Faces In The Crowd: Jonathan Johnson
June 19, 2007
By Wes Skipwith, Texas Tech Athletic Media Relations
Former Texas Tech track star Jonathan Johnson is quickly becoming America's next hope for a medal in the 800m at the 2008 Olympics in Beijing.
Johnson ran track for the Red Raiders from 2002-2005. During his time in Lubbock, the Abilene native established himself as the greatest male track athlete Tech has ever known. He was named All-American nine times and received 16 all-conference awards including four Big 12 Championships. In 2004, Johnson became Tech's only male national champion and, after finishing first in the 800m at the Olympic Trials with a personal and school record of 1:44.77, he became Tech's only male Olympian. His time at the trials earned him a number one ranking in the United States by Track and Field News and was the fastest time by an American that year. He ended up finishing eighth in the semifinals at the 2004 Olympics in Athens.
"The experience (at the Olympics) made me grow up real quickly," Johnson said. "You have the whole world looking at you. It's hard to express the actual feeling because it means so much because you are representing the whole U.S. and you're representing everything you ever worked for and ever stood for. For me, I represented my family, friends, school, my fans, and all of the people who always have been by my side. There are not any words that can explain the feeling of competing in the Olympics; you just have to experience it to understand." In 2005, he helped lead the Red Raiders to the Big 12 Outdoor Championship, the first track and field team title for Texas Tech. Johnson said all of his individual accomplishments he earned while at Texas Tech were very special to him but what he remembers the most was what his teammates and he accomplished.
"If I had to pick the moment at Tech that meant the most to me, it would be winning the Big 12 championship as a team," he said. "To be a part of the first team Big 12 Championship it was just that more special to me because it was a team effort and that is what we always worked towards. When I first went to Tech, no body ever gave us a chance. But coaches, faculty and everyone around Tech loved and supported us. Now Texas Tech is on the national scene. For me to take part in that and be apart of Tech's history, it has meant a lot to me"
In 2006, Johnson began his professional track career after signing with Team Reebok. In his first professional track season last year, he finished with a No. 5 ranking in the United States in the 800m by T&FN. Johnson is still with Team Reebok and currently resides near Orlando where he is training for the upcoming U.S. Outdoor Track and Field Championships in June. If he makes the national team there then he will go on to the World Championships in August. Johnson, who is currently ranked 46th in the world in the 800m, also hopes to crack the top 10 before the year is over.
"I believe I can make the finals at the World Championships and I believe I can be in contention to win a medal. In order to move up in ranking, I have to get in the right races and face the right competition. That is my main goal this year."
If Johnson can accomplish all of these goals then he will be in a good position when the 2008 Summer Olympics come around. He said his ultimate goal for his career would be to win a medal at the Olympics and everything he does is geared towards that.
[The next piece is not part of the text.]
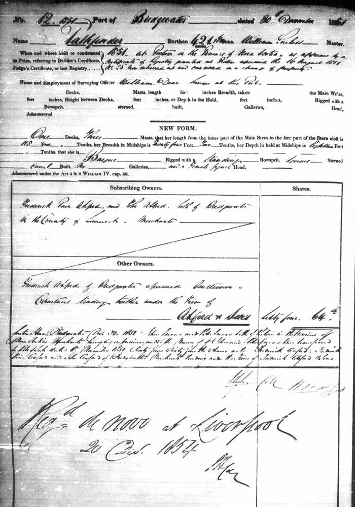 1851 at Pictu in the province of Nova Scotia as app???? by a certificate of registry ????? at Pictu acquired? the 16 Aug 1851.

"That is something that hasn't been done in a while for an American in the 800m. For me to do that would be something special and I'm really going to work hard to do that. I'm definitely on the right track. I'm as focused as I have ever been. There are only three medalists at the Olympic Games, so that's three out of the whole world. I know that I have to take care of business and I have to do everything that I can right now and put the work in to be right where I want to be."
Johnson is currently single and spends all most all of his free time in training. He said he still keeps in touch with his former Tech track coach Wes Kittley.
"Me and Coach Kittley have a great relationship," Johnson said. "If there is anything that he can do for me he'll do it, if there is anything that I can do for him then I will do it. I talk to coach a lot and some time he'll give me advice on some things."
Johnson said he wants to continue running professionally for as long as he can. He said if he keeps devoting all of his time to training and running, he sees himself only getting better from here on out.
"As long as I'm happy doing this sport, as long as I'm injury free and as long as things are working in my favor, I see myself competing for a very long time," Johnson said. "I feel like I have another eight to 10 years. In my event, the older you get the stronger you get. I haven't really even reached my peak yet. I still have a few years."